**Data extract**:
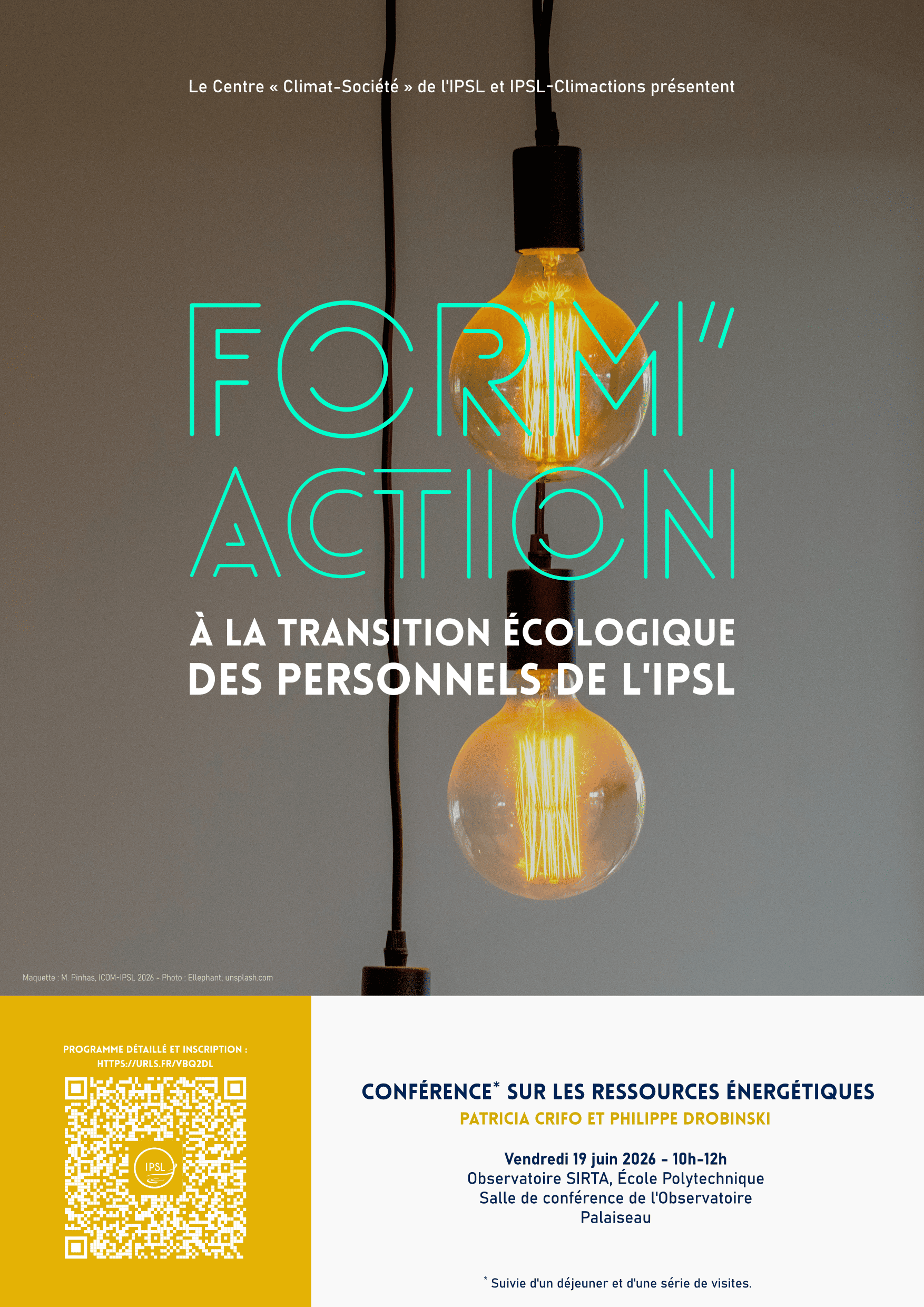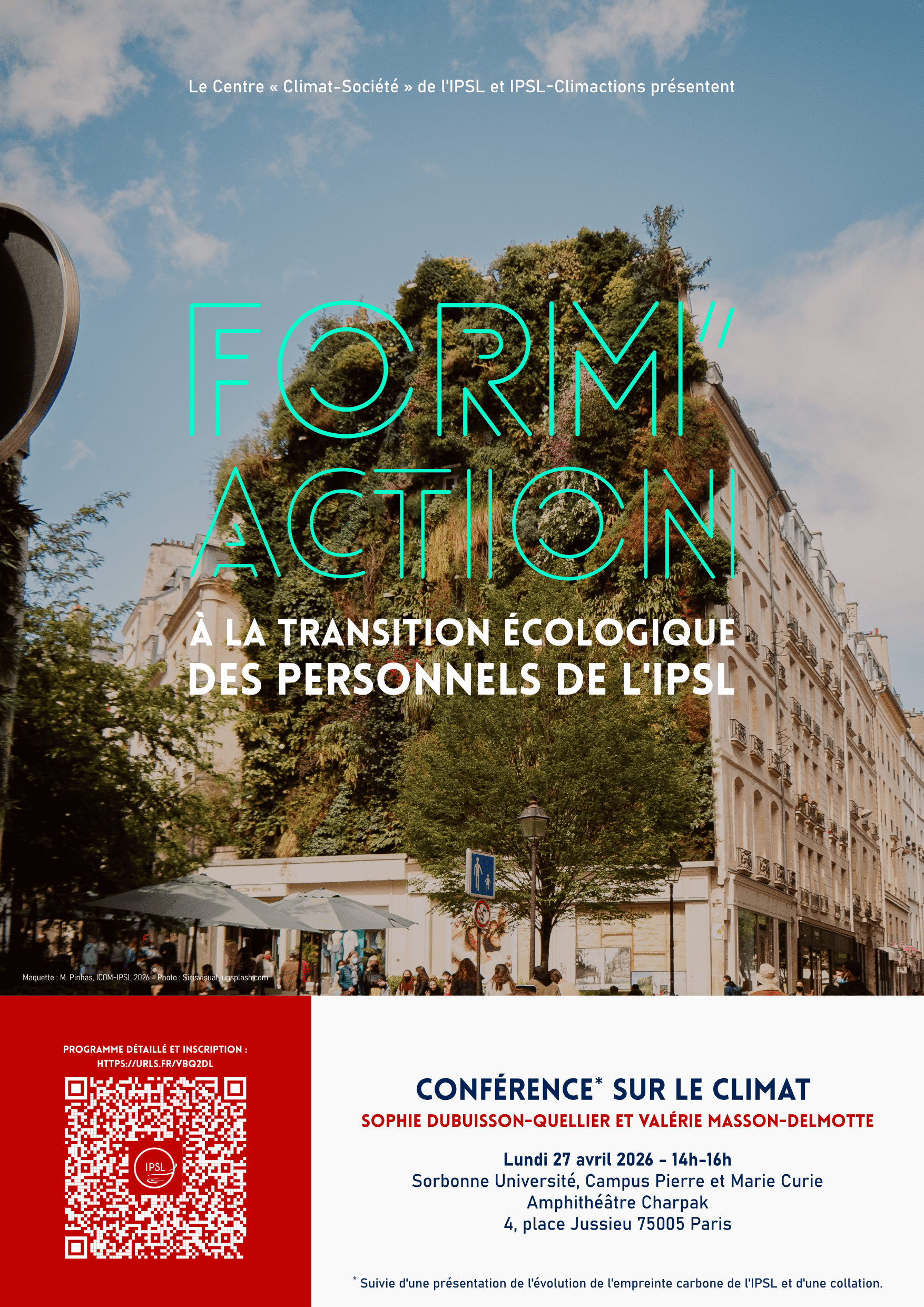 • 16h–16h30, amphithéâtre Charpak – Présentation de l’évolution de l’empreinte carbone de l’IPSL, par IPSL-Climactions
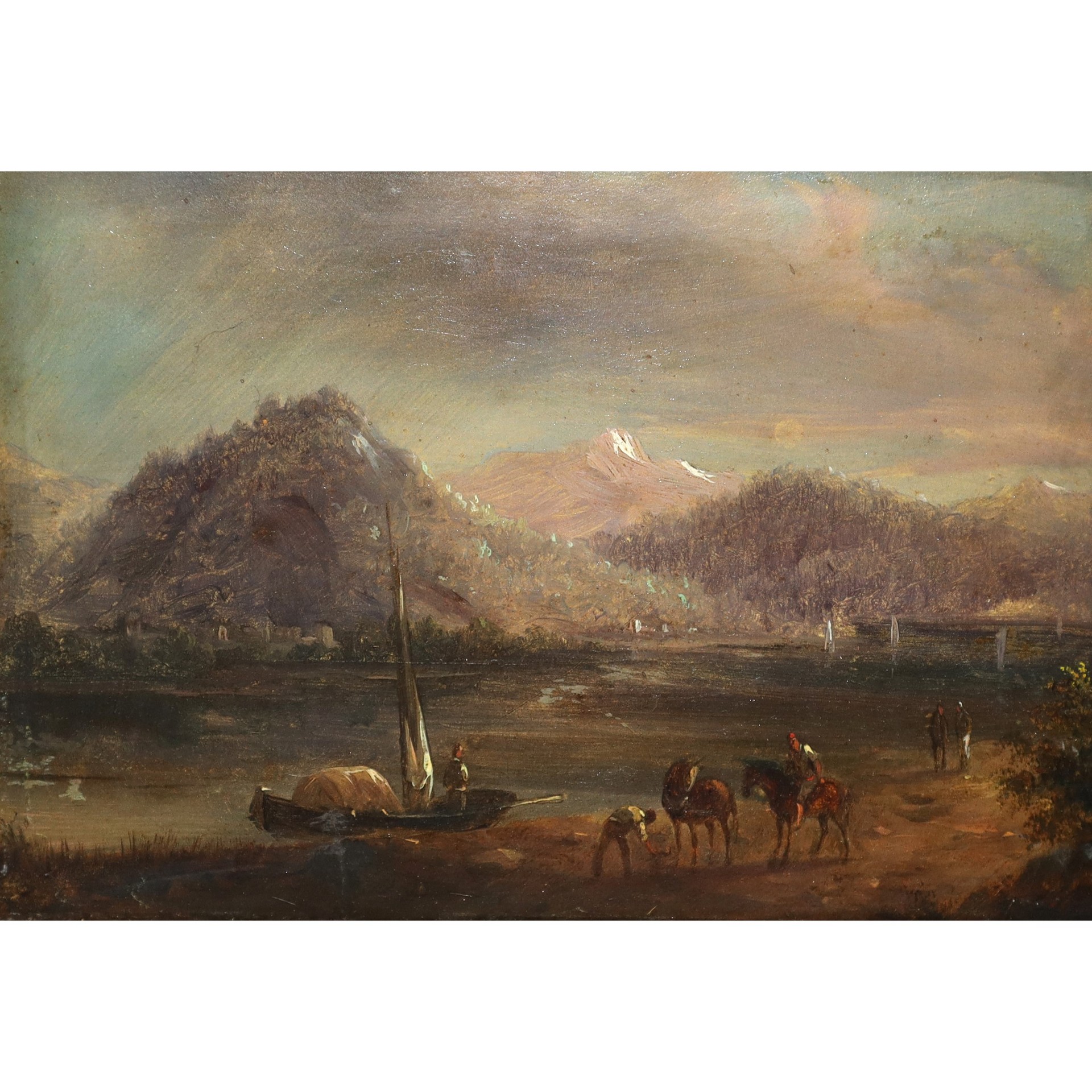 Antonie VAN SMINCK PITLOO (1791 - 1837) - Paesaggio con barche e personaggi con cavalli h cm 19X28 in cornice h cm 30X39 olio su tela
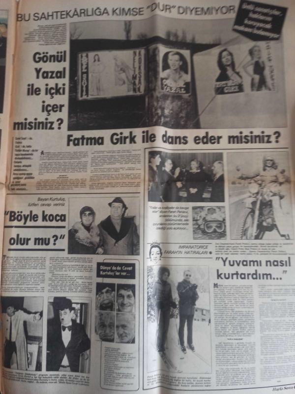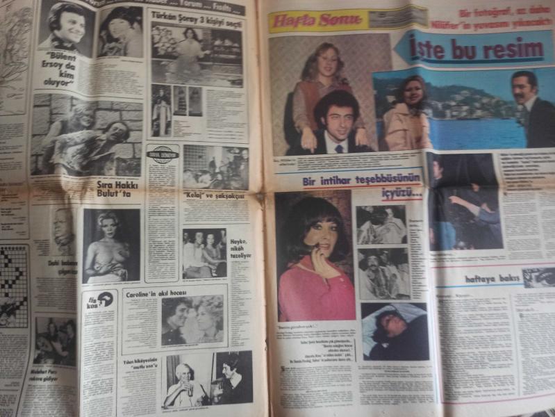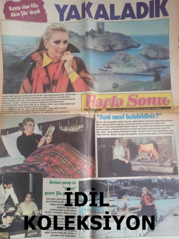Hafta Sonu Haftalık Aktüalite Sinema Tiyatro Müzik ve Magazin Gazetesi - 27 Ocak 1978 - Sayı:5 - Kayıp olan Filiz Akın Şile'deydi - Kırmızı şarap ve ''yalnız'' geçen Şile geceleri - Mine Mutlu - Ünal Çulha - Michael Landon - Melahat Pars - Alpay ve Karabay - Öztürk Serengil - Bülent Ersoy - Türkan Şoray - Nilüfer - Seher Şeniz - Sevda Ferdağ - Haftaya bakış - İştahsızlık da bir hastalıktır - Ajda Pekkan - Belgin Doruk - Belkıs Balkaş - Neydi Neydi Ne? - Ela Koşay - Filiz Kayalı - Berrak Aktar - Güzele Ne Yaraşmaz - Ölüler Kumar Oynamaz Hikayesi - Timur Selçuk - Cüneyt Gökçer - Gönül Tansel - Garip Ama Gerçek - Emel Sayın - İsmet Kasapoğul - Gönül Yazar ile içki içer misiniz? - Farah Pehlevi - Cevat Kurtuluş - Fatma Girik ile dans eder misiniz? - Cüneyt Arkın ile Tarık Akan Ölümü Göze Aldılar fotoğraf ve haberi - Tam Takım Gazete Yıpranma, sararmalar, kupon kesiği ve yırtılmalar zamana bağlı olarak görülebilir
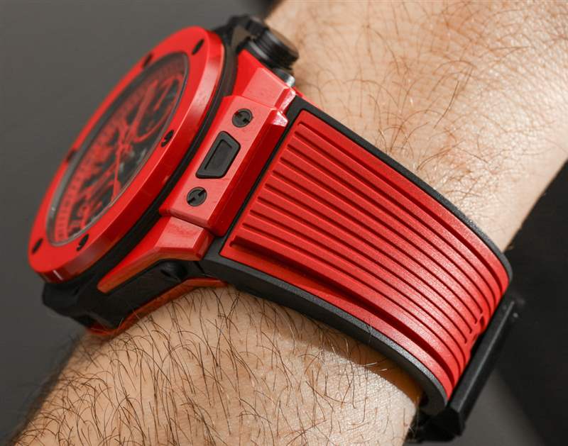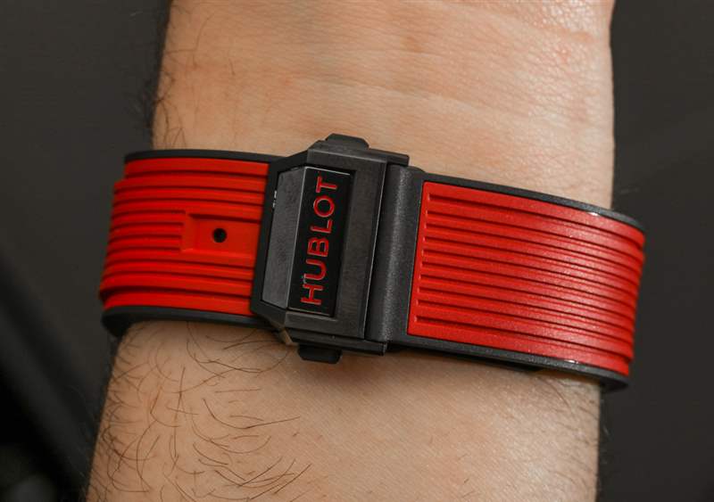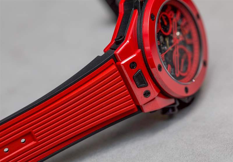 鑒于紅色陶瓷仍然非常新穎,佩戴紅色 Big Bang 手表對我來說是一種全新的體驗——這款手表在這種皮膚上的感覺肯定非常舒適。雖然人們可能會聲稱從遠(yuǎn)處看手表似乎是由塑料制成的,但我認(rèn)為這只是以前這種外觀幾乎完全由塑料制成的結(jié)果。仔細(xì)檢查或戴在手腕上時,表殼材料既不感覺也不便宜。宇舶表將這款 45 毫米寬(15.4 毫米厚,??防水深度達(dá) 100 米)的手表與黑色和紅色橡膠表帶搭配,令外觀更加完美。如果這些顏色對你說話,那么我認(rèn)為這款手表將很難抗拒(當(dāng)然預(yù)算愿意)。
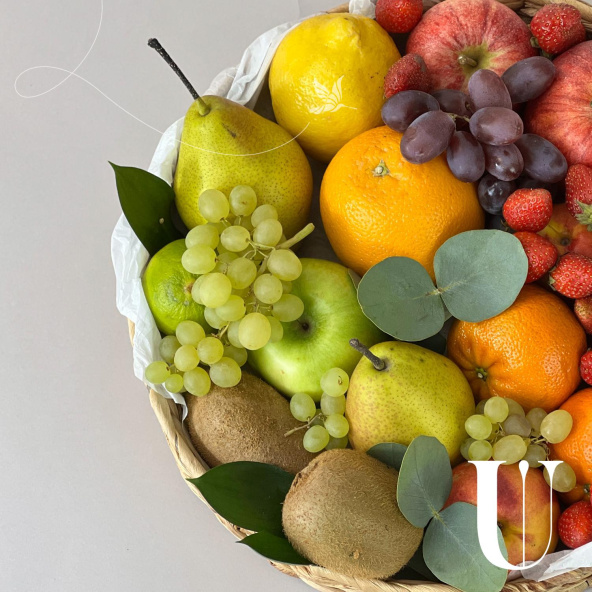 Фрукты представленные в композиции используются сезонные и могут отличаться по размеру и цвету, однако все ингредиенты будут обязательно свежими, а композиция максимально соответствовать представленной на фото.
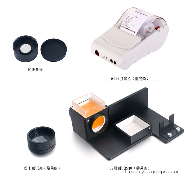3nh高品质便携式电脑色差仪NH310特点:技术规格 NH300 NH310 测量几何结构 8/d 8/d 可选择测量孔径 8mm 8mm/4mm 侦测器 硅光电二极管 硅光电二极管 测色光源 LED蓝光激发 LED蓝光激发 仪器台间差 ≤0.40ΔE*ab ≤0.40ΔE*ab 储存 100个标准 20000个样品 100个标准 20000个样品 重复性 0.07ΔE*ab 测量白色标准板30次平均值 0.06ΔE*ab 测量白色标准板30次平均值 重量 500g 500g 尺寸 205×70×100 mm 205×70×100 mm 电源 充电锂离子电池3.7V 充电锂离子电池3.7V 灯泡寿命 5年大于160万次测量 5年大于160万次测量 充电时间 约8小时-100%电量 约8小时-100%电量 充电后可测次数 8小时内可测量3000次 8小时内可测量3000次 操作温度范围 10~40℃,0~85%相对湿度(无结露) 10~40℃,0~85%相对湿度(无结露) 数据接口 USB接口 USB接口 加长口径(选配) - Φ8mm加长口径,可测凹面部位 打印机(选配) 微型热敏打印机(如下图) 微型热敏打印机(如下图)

**Assignment**: Could you set down every record above word for word, leaving out the pictures?

**Exercise output**:
 • 16h–16h30, amphithéâtre Charpak – Présentation de l’évolution de l’empreinte carbone de l’IPSL, par IPSL-Climactions
 Antonie VAN SMINCK PITLOO (1791 - 1837) - Paesaggio con barche e personaggi con cavalli h cm 19X28 in cornice h cm 30X39 olio su tela
Hafta Sonu Haftalık Aktüalite Sinema Tiyatro Müzik ve Magazin Gazetesi - 27 Ocak 1978 - Sayı:5 - Kayıp olan Filiz Akın Şile'deydi - Kırmızı şarap ve ''yalnız'' geçen Şile geceleri - Mine Mutlu - Ünal Çulha - Michael Landon - Melahat Pars - Alpay ve Karabay - Öztürk Serengil - Bülent Ersoy - Türkan Şoray - Nilüfer - Seher Şeniz - Sevda Ferdağ - Haftaya bakış - İştahsızlık da bir hastalıktır - Ajda Pekkan - Belgin Doruk - Belkıs Balkaş - Neydi Neydi Ne? - Ela Koşay - Filiz Kayalı - Berrak Aktar - Güzele Ne Yaraşmaz - Ölüler Kumar Oynamaz Hikayesi - Timur Selçuk - Cüneyt Gökçer - Gönül Tansel - Garip Ama Gerçek - Emel Sayın - İsmet Kasapoğul - Gönül Yazar ile içki içer misiniz? - Farah Pehlevi - Cevat Kurtuluş - Fatma Girik ile dans eder misiniz? - Cüneyt Arkın ile Tarık Akan Ölümü Göze Aldılar fotoğraf ve haberi - Tam Takım Gazete Yıpranma, sararmalar, kupon kesiği ve yırtılmalar zamana bağlı olarak görülebilir
 鑒于紅色陶瓷仍然非常新穎,佩戴紅色 Big Bang 手表對我來說是一種全新的體驗——這款手表在這種皮膚上的感覺肯定非常舒適。雖然人們可能會聲稱從遠(yuǎn)處看手表似乎是由塑料制成的,但我認(rèn)為這只是以前這種外觀幾乎完全由塑料制成的結(jié)果。仔細(xì)檢查或戴在手腕上時,表殼材料既不感覺也不便宜。宇舶表將這款 45 毫米寬(15.4 毫米厚,??防水深度達(dá) 100 米)的手表與黑色和紅色橡膠表帶搭配,令外觀更加完美。如果這些顏色對你說話,那么我認(rèn)為這款手表將很難抗拒(當(dāng)然預(yù)算愿意)。
 Фрукты представленные в композиции используются сезонные и могут отличаться по размеру и цвету, однако все ингредиенты будут обязательно свежими, а композиция максимально соответствовать представленной на фото.
3nh高品质便携式电脑色差仪NH310特点:技术规格 NH300 NH310 测量几何结构 8/d 8/d 可选择测量孔径 8mm 8mm/4mm 侦测器 硅光电二极管 硅光电二极管 测色光源 LED蓝光激发 LED蓝光激发 仪器台间差 ≤0.40ΔE*ab ≤0.40ΔE*ab 储存 100个标准 20000个样品 100个标准 20000个样品 重复性 0.07ΔE*ab 测量白色标准板30次平均值 0.06ΔE*ab 测量白色标准板30次平均值 重量 500g 500g 尺寸 205×70×100 mm 205×70×100 mm 电源 充电锂离子电池3.7V 充电锂离子电池3.7V 灯泡寿命 5年大于160万次测量 5年大于160万次测量 充电时间 约8小时-100%电量 约8小时-100%电量 充电后可测次数 8小时内可测量3000次 8小时内可测量3000次 操作温度范围 10~40℃,0~85%相对湿度(无结露) 10~40℃,0~85%相对湿度(无结露) 数据接口 USB接口 USB接口 加长口径(选配) - Φ8mm加长口径,可测凹面部位 打印机(选配) 微型热敏打印机(如下图) 微型热敏打印机(如下图)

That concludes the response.